Canadian Bar Association, “Defamation: Libel and Slander” (online): “Libel is the type of defamation with a permanent record, like a newspaper, a letter, a website posting, an email, a picture, or a radio or TV broadcast. If you can prove that someone libeled you, and that person does not have a good defence … then a court will presume that you suffered damages and award you money to pay for your damaged reputation. But going to Supreme Court is expensive and even if you win, you may not get as much as it costs you to sue. In deciding on damages, the Court will consider your position in the community. For example, if you are a professional, damages may be higher.”
R. v. David Stucky, 2006 CanLII 41523 (Ont. S.C.): “A lift letter is a promotional technique, routinely used in direct mail promotions, urging further consideration of the initial offer before its expiration.”
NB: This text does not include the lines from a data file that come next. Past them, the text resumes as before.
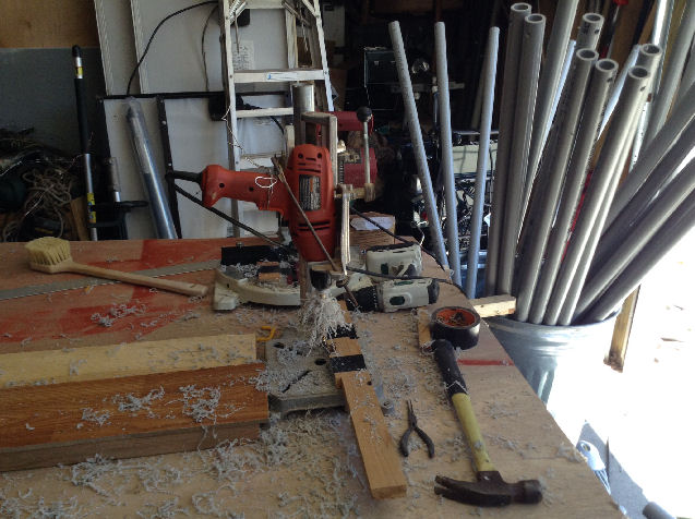 I have spray painted all the hubs and inner hubs with Krylon, to help with UV protection. It takes 9 cans. I have cut all of my struts from schedule 80 grey PVC, and drilled them. That took a total of four days, and determination, working alone.
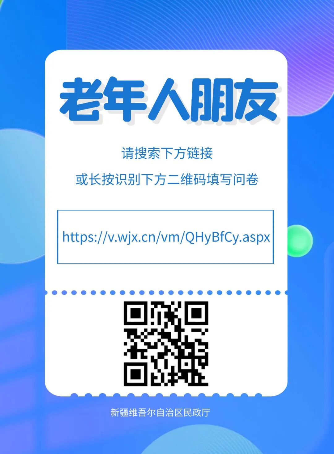 A+ A. A-天山网-新疆日报讯(记者李琳报道)为精准掌握人口老龄化发展趋势,深入了解各族群众养老服务需求,自治区民政厅近日在全区范围内启动养老服务体系建设问卷调查工作,面向社会广泛征集老年人及其子女的养老心声。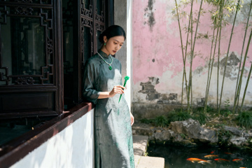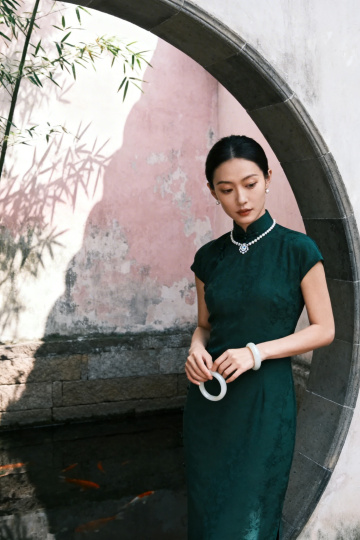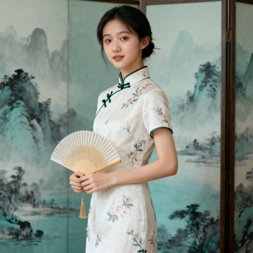 工笔风刺绣旗袍,水墨山水屏风映衬,古典优雅,文艺气息浓厚,尽显中式美学韵味。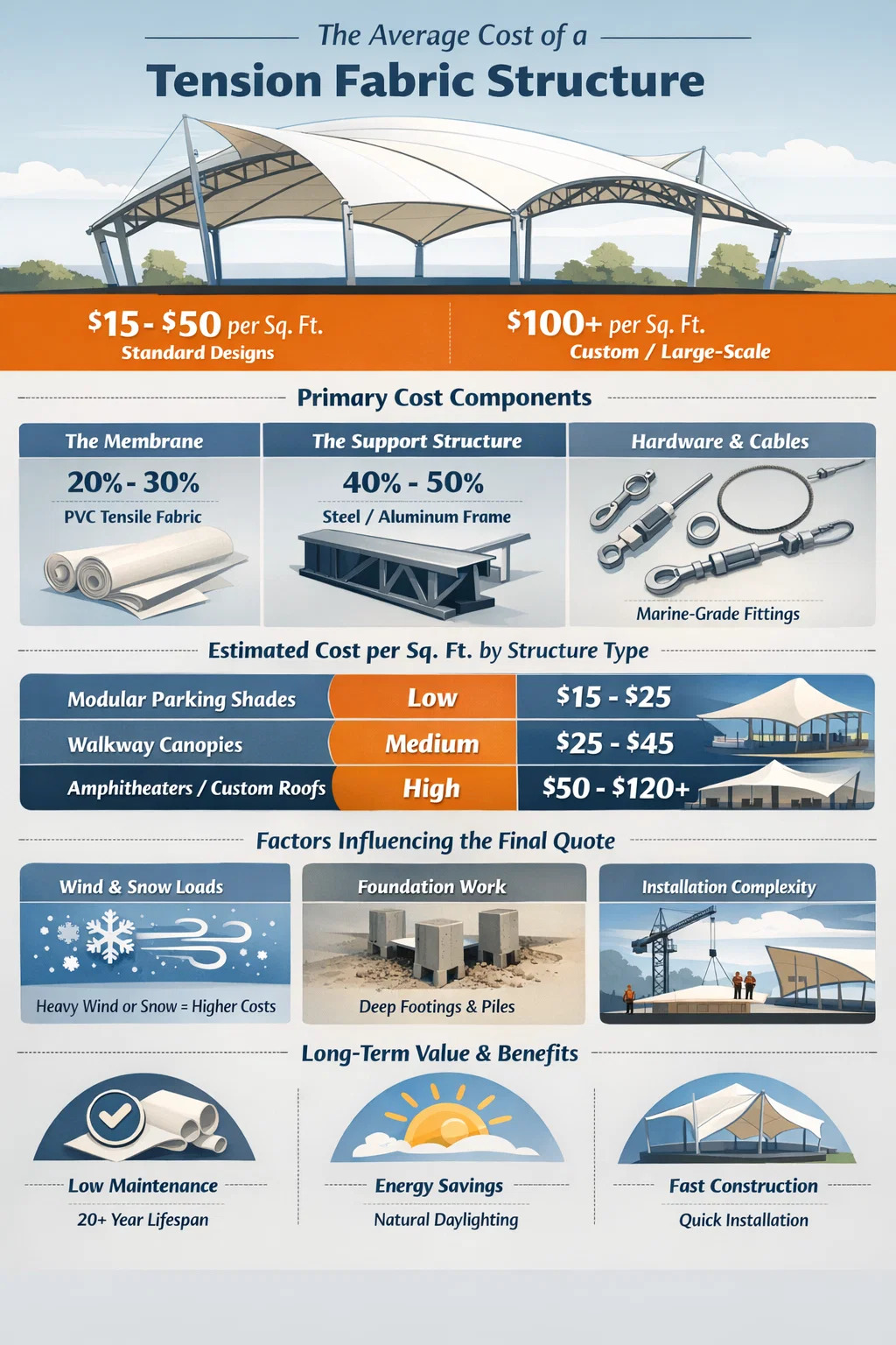 O custo de uma estrutura de tecido tensionado normalmente varia de US$ 15 a US$ 50 por pé quadrado para projetos padrão, enquanto projetos arquitetônicos altamente personalizados ou em grande escala podem exceder $ 100 por pé quadrado . Este preço não é apenas para o Tecido elástico de PVC em si; abrange um sistema completo, incluindo estrutura de aço projetada, hardware especializado, trabalho de fundação e mão de obra especializada de instalação. Como essas estruturas são projetadas sob medida para suportar cargas específicas de vento e neve, os preços variam com base na localização geográfica e na complexidade do projeto.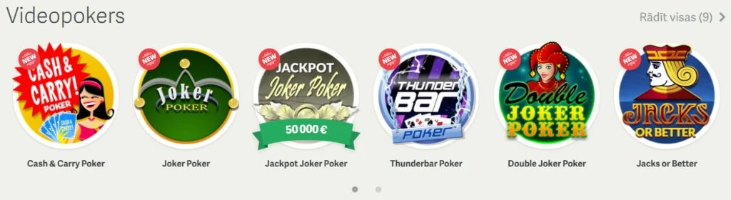 Pafbet kazino video pokera klāsts ir ievērojami plašāks nekā citos kazinos. Pieejami veseli 9 veidi: Cash&Carry Poker, Joker Poker, Jackpot Joker Poker, Thunderbar Poker, Double Joker Poker, Jacks or Better, Jacks or Better Mh, Deuces Wild Mh un 4 of a Kind Poker.
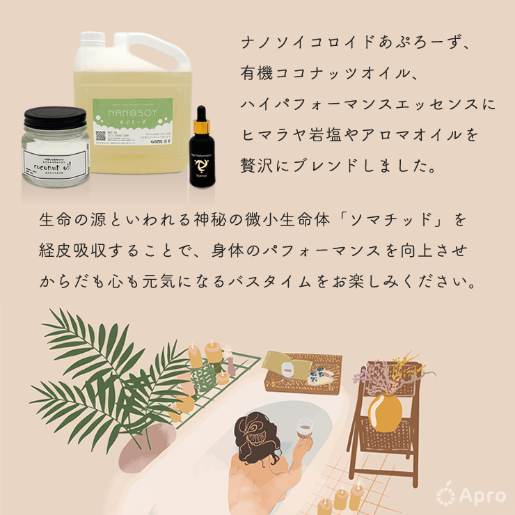 ヒマラヤ岩塩、炭酸水素na、硫黄mg、有機オリーブ油、はちみつ、タピオカスターチ、水、大豆脂肪酸(ナノソイコロイド)、ヤシ油、ソマチッド粉末、ローズ粉末、有機ピーナッツ油、クレイローズ油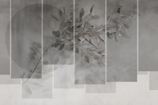 Charakterystycznym elementem „Bagliori e Ombre” są pionowe, półtransparentne pasy, które porządkują kompozycję. Ten geometryczny podział działa jak filtr światła – dzieli ścianę na strefy, w których botaniczny motyw raz jest wyraźniejszy, raz niemal zanika.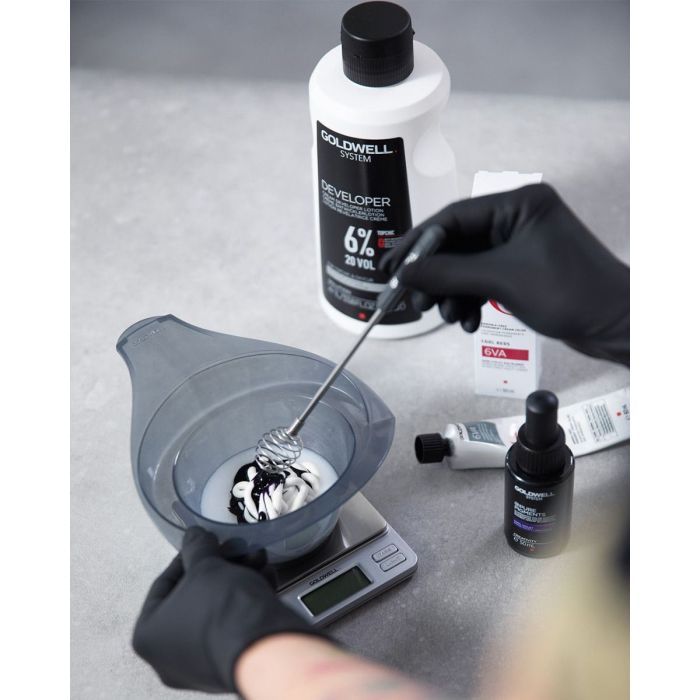 Meng de Goldwell System Developer 6% met de Goldwell Topchic Permanent Hair Color volgens de aanbevolen verhouding. Roer tot een gladde, homogene massa ontstaat. Aanbrengen op droog haar met een kwast, laten inwerken volgens de Topchic-richtlijnen en zorgvuldig uitspoelen. Vermijd contact met de ogen en gebruik altijd geschikte handschoenen.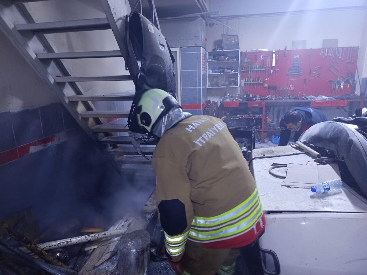 Hatay’da araç tamirhanesinde çıkan yangını itfaiye ekipleri büyümeden söndürdü.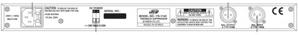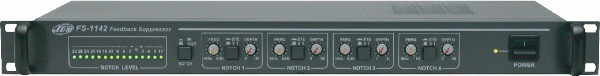 FS-1142 - блок подавления обратной акустической связи с 4-мя перестраиваемыми узкополосными фильтрами для установки в 19" стойку имеет минимальный собственный шум электропитания.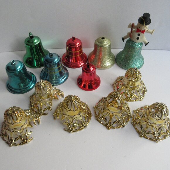 13 Bradford Unbreakable Filigree Plastic Bells Filagree Christmas Ornaments READ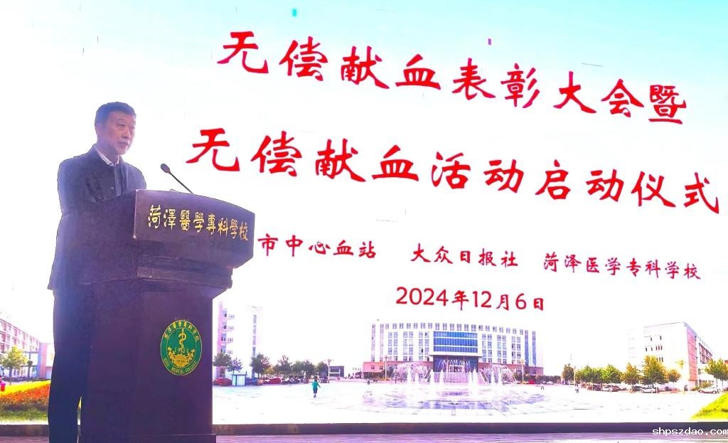 12月7日下午,我校召开无偿献血表彰大会暨无偿献血活动启动仪式,校党委委员、副校长齐云飞,菏泽市中心血站党总支书记、站长谢颂世,大众日报菏泽记者站站长王兆峰、菏泽市中心血站副站长李伟、大众日报菏泽记者站主任郭丽、校团委书记于淼、各学生系部党总支书记以及400余名学生代表参加大会。仪式由学生工作处处长孙战主持,大众日报对此次活动进行专项报道。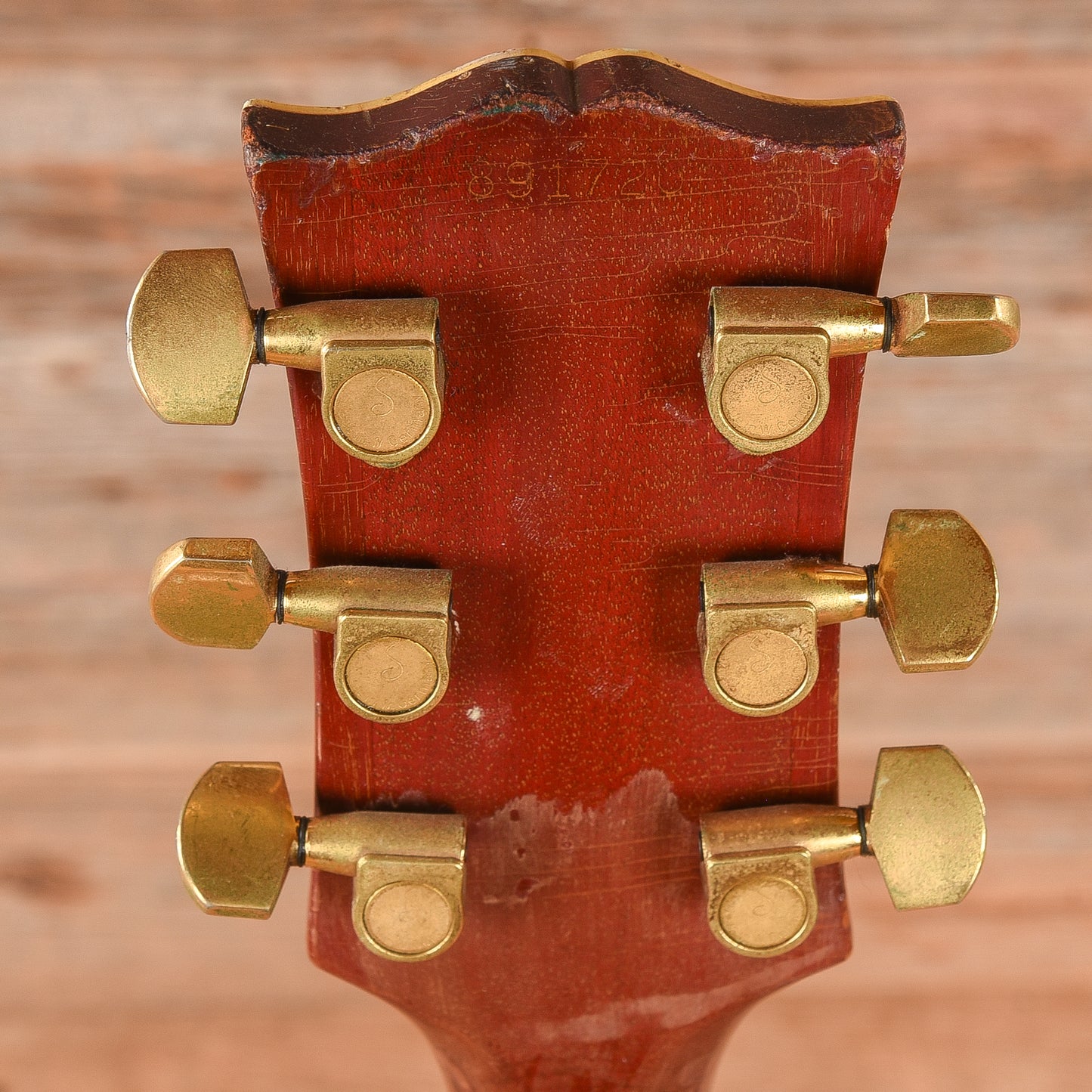 | Modifications/Repairs: | -Headstock repair. This repair has been done properly and is stable. -The finish has been touched up, sanded, and buffed where the headstock repair was done. -The back of the body has been over sprayed. -Non-original pots. -The electronics have been rewired and has been converted to mono. -Vari-tone rotary switch has been removed and a standard potentiometer has been installed in it's place. It is not wired into the harness and it purely cosmetic. -Non-original Schaller tuners. -Non-original nut. |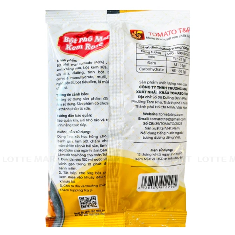 - Bột Phô Mai Kem Rose Tomato T&P là sản phẩm tinh tế mang đến hương vị đậm đà và thơm ngon, được chế biến từ sự kết hợp hoàn hảo giữa phô mai, kem, sữa cùng các gia vị như nghệ, tiêu và lá mùi tây.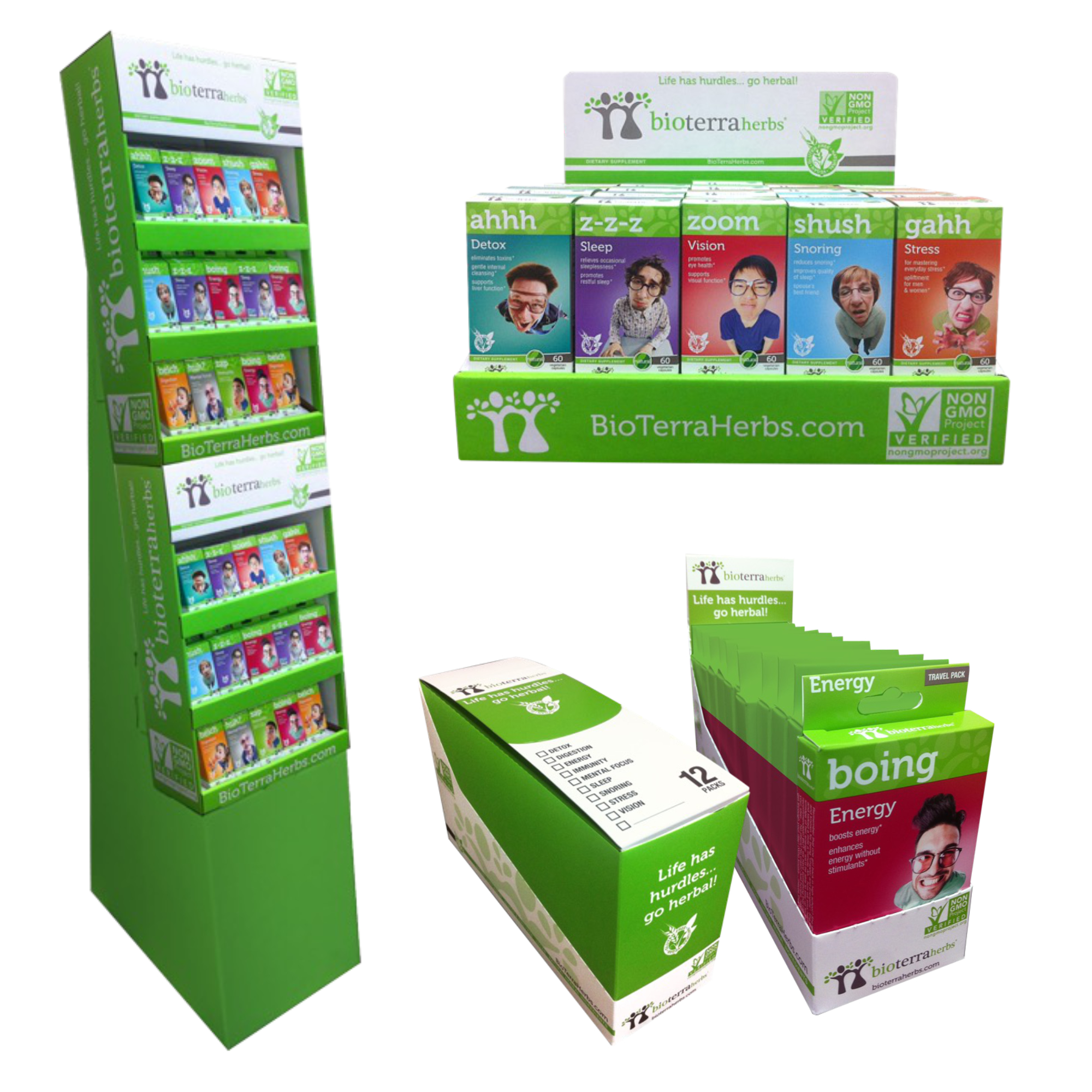 Bioterra had a line of supplements that they wanted a design direction for. Our team was given the opportunity to created the packaging and POP displays.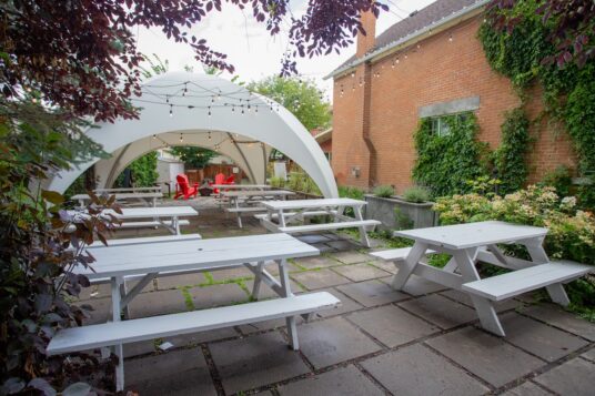 A building with a lot of history behind it, Riverdale’s Little Brick has been around since 1903. Originally the home of businessman J.B. Little, the house has now been converted into a cafe, general store, and multi-use space with one of the larger outdoor patios in the city. Set in a large grassy backyard, overlooked by neighboring houses, Little Brick has picnic tables, a large canopy, and greenery spreading over the brick edifice.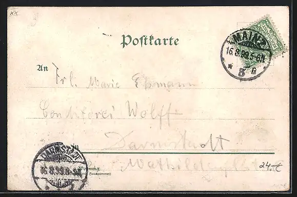 Personenbezogene Daten auf der Rückseite der Karte wurden durch blauen Textmarker unkenntlich gemacht. Die blauen Stellen sind auf die Vorderseite durchgeweicht und wirken sich negativ auf das Postkartenfoto aus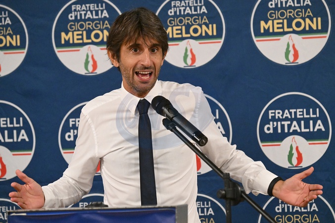 October 25, 2025, Prato, Brothers of Italy initiative to celebrate three years of the Meloni government. Pictured: Giovanni Donzelli, Credit:Aleandro Biagianti / Avalon
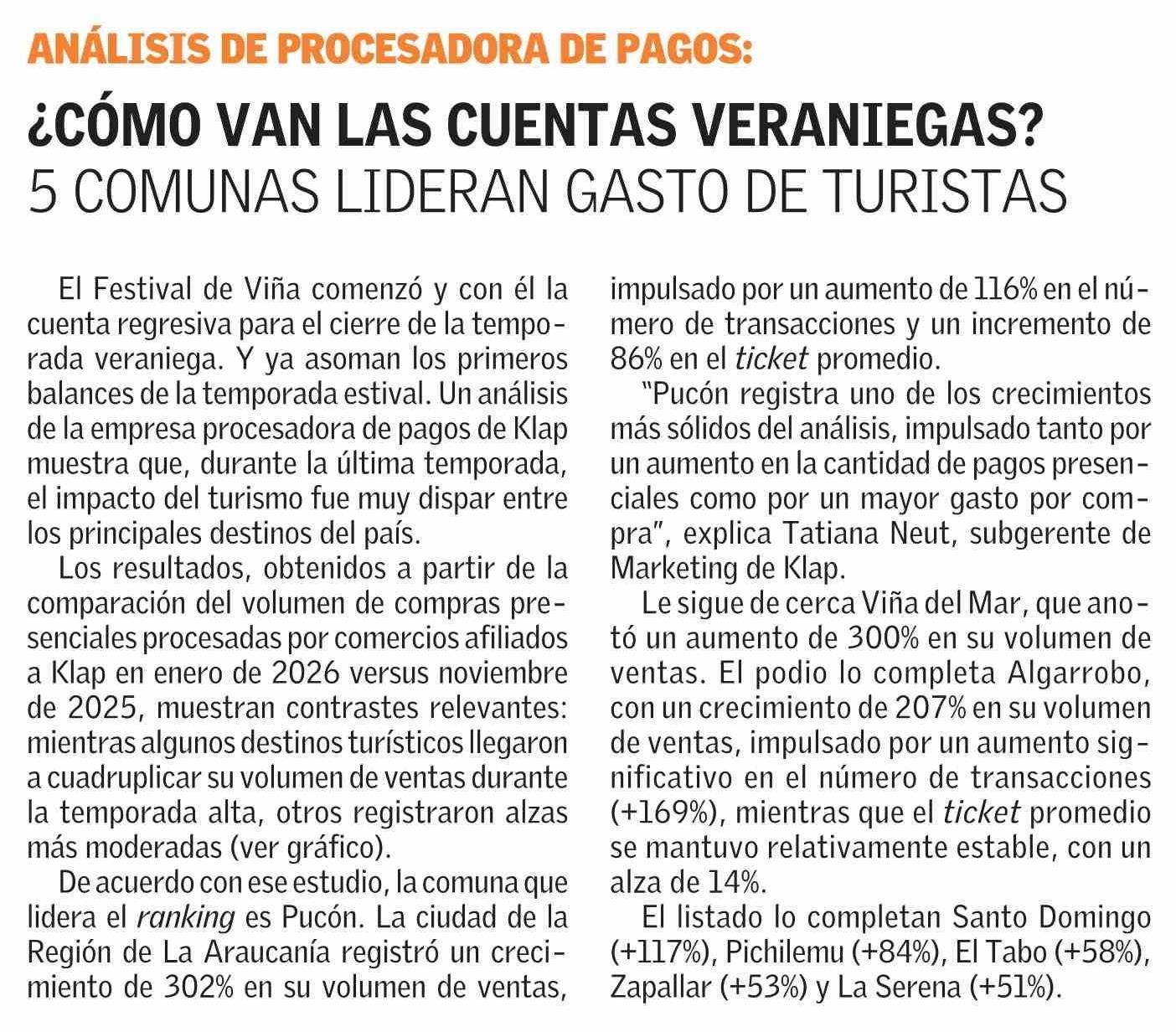 Título: ¿CÓMO VAN LAS CUENTAS VERANIEGAS? 5 COMUNAS LIDERAN GASTO DE TURISTAS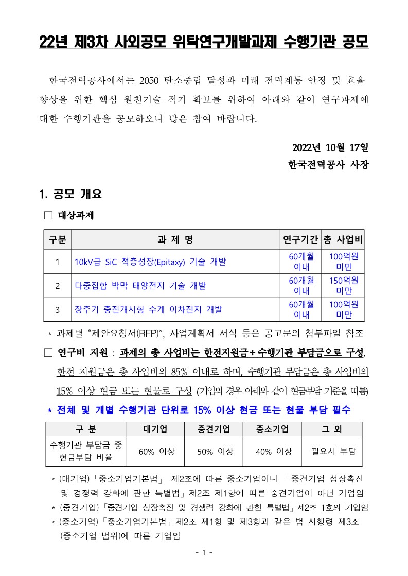 [한전] 2022년도 제3차 사외공모 위탁연구개발과제 수행기관 공모 안내.zip (다운 352회)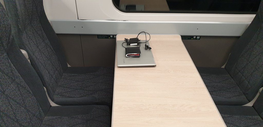 Seat K32 was my spot for the journey to Bristol, a forward facing window seat in a pair either side of a table. A common complaint regarding the IET fleet (along with their LNER cousins) is that the seats are uncomfortable and whilst they still aren’t great, the 1st class seating is slightly more comfortable than in standard class. There is also more space in 1st, with the seating in a 2-1 layout either side of the aisle and more legroom than in standard class.

Generally speaking, advertising or marketing in Canada can be misleading under federal (e.g., the federal Competition Act) or provincial (e.g., consumer protection legislation) where a representation or advertising claim is either literally false or misleading (the latter which may take into consideration the “general impression” of an advertising claim). With respect to the literal meaning of an advertising claim, the Supreme Court has held: “The phrase ‘literal meaning of the terms used therein’ [for the purposes of the Quebec Consumer Protection Act] does not raise any interpretation problems. It simply means that every word used in a representation must be interpreted in its ordinary sense” (Richard v. Time Inc., 2012 SCC 8).